"Los únicos terrenos que Josè no comprò fueron los que pertenecían a los sacerdotes".
(Gènesis 47:22).
Como hemos venido viendo en la época de Josè, el hijo de Jacob, hubo un hambre terrible en todo el mundo; y Josè, habiendo sido bendecido por Dios fue protegido de faraón. Siendo Josè el administrador de todo el imperio, trabajò con la mano de Dios para faraón y Dios hizo fructífero a faraón, tanto así, que todas las tierras del imperio fueron a parar a manos de faraón, con la sola excepción de las tierras en donde vivìan los sacerdotes.

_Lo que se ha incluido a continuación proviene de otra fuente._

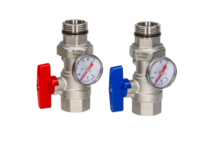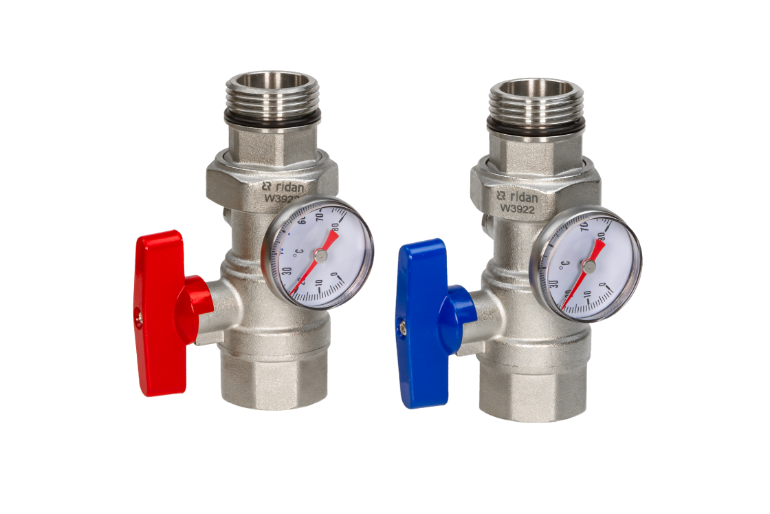 Шаровые краны R-BV (088U0822R) одной стороной подключаются к коллекторам серии SSM или FHF, другой стороной к смесительным узлам серии FHM-CR. В конструкции шаровых кранов установлены термометры. Краны изготовлены из никелированной латуни марки CW617N, в комплекте R-BV поставляются 2 шаровых крана, один с красной рукояткой, другой с синей рукояткой.

Esa lección, esa promesa, llámela usted como quiera llamarla... està disponible para nosotros los creyentes hoy. El Señor nos ha llamado a ser un nuevo reino de reyes y sacerdotes para èl. En la medida en que nosotros lo adoremos, nos encontremos con èl cada dìa y en cada actividad diaria que realicemos, estaremos cumpliendo con el oficio de reyes y sacerdotes... y la promesa será nuestra. Y, en medio de la corrupción, de la maldad, del egoísmo, de la destrucción y el hambre que vemos a nuestro alrededor... Dios se preocuparà porque nuestras tierras no sean tocadas. Amèn.